== EXERCISE DESCRIPTION ==
Write out exactly the lines below starting at the one containing "7月1日上午,庆祝中国共产党成立100周年大会在北京天安门广场隆重举行。这是礼炮鸣响。新华社记者 彭子洋 摄" and ending at the one containing "This research aims". Omit every picture.

== SOURCE MATERIAL ==
%%

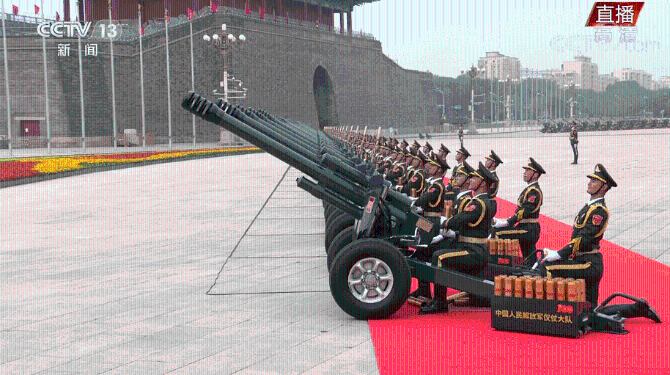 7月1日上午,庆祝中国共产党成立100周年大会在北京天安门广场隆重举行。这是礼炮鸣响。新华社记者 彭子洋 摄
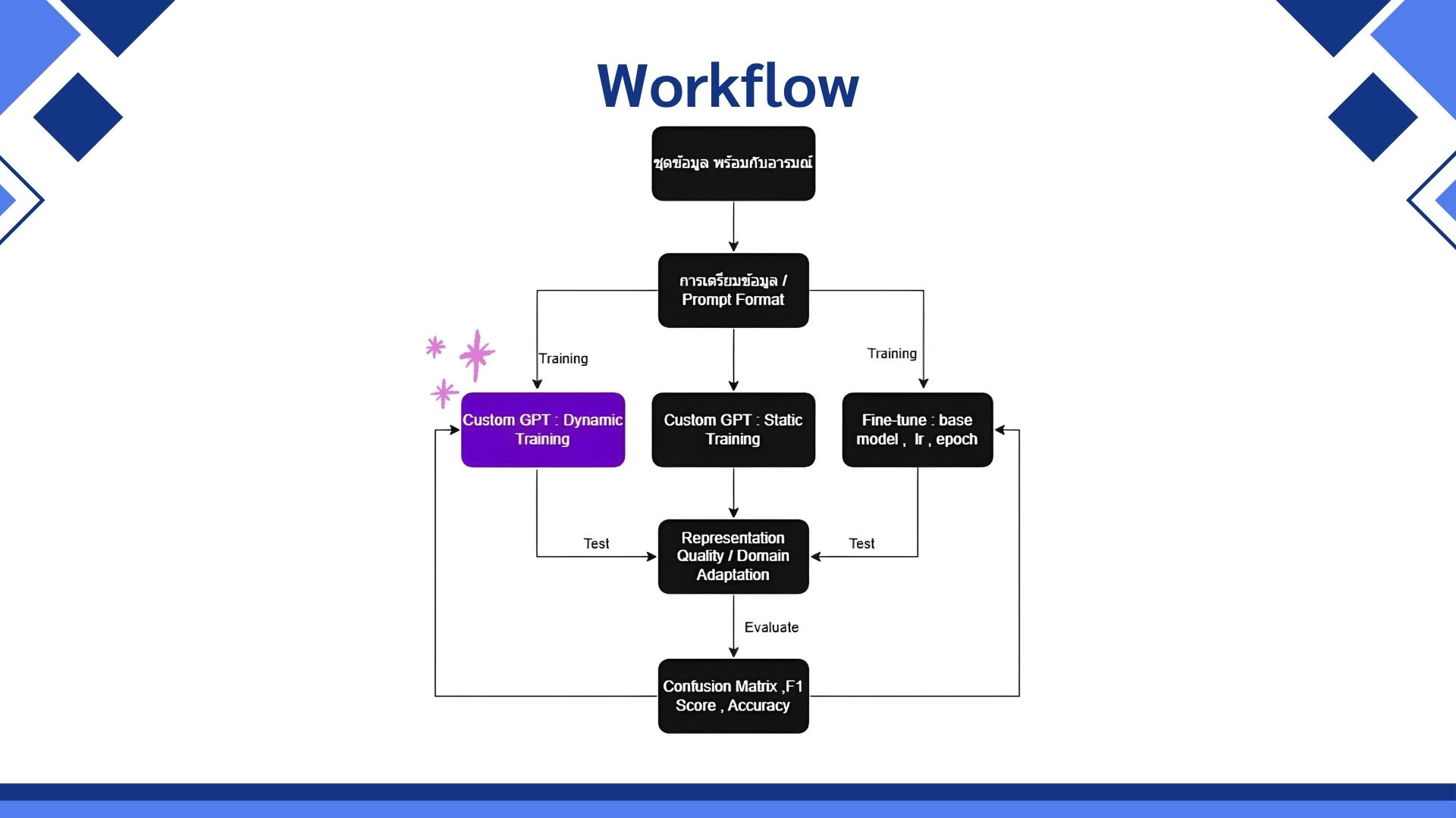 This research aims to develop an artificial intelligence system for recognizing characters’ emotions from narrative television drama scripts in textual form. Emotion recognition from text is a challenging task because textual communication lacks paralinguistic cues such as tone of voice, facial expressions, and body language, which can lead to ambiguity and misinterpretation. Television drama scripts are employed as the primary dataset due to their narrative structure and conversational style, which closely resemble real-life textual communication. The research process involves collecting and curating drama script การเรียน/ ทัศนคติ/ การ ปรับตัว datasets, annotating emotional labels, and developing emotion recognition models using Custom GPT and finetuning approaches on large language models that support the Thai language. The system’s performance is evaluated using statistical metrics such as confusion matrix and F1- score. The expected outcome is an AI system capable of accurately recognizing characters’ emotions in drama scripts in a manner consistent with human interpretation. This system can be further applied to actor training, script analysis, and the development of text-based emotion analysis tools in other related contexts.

%%
%%

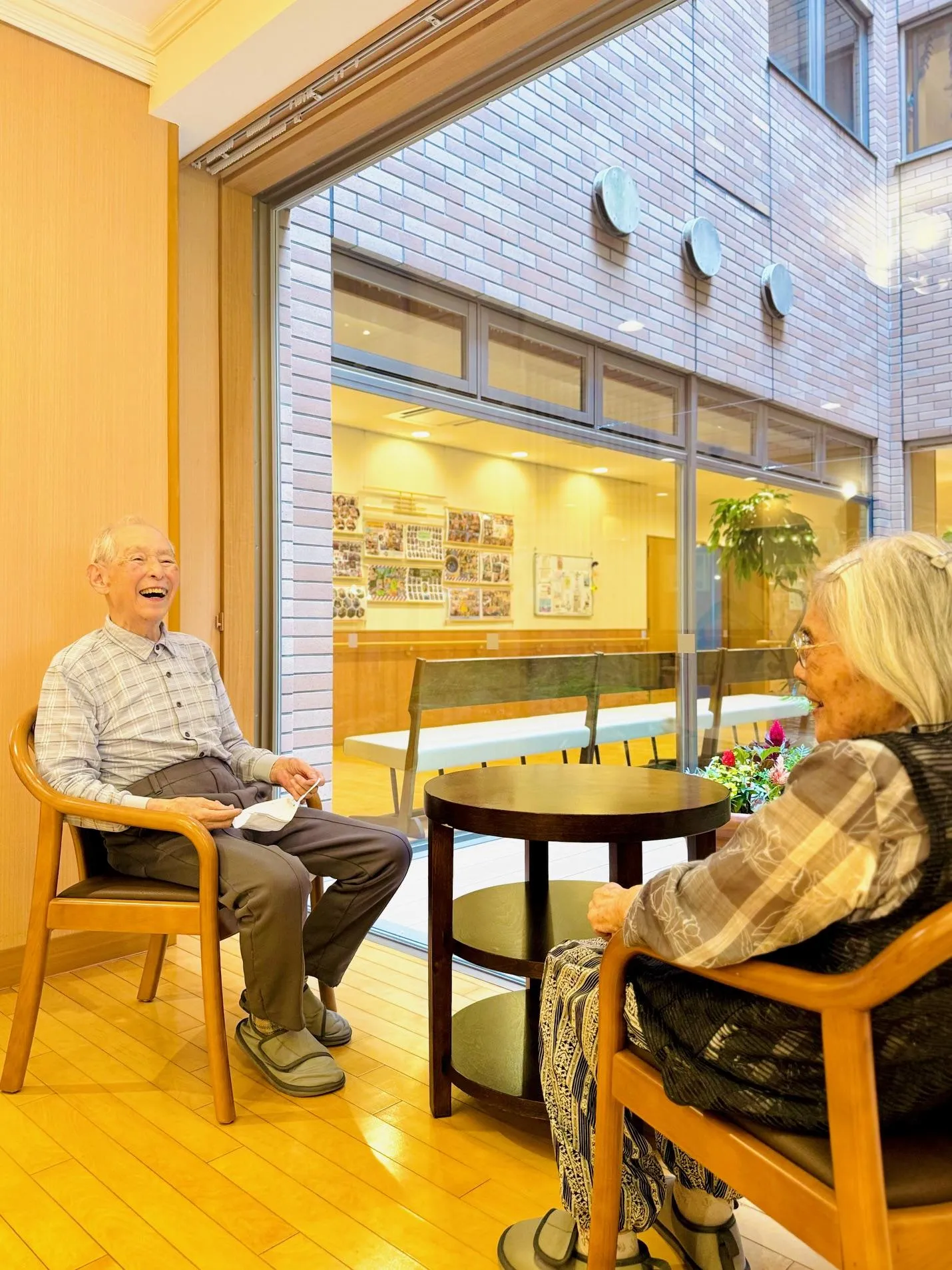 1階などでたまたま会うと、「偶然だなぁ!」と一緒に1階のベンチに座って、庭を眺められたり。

%%

== COMPLETED EXERCISE ==
 7月1日上午,庆祝中国共产党成立100周年大会在北京天安门广场隆重举行。这是礼炮鸣响。新华社记者 彭子洋 摄
 This research aims to develop an artificial intelligence system for recognizing characters’ emotions from narrative television drama scripts in textual form. Emotion recognition from text is a challenging task because textual communication lacks paralinguistic cues such as tone of voice, facial expressions, and body language, which can lead to ambiguity and misinterpretation. Television drama scripts are employed as the primary dataset due to their narrative structure and conversational style, which closely resemble real-life textual communication. The research process involves collecting and curating drama script การเรียน/ ทัศนคติ/ การ ปรับตัว datasets, annotating emotional labels, and developing emotion recognition models using Custom GPT and finetuning approaches on large language models that support the Thai language. The system’s performance is evaluated using statistical metrics such as confusion matrix and F1- score. The expected outcome is an AI system capable of accurately recognizing characters’ emotions in drama scripts in a manner consistent with human interpretation. This system can be further applied to actor training, script analysis, and the development of text-based emotion analysis tools in other related contexts.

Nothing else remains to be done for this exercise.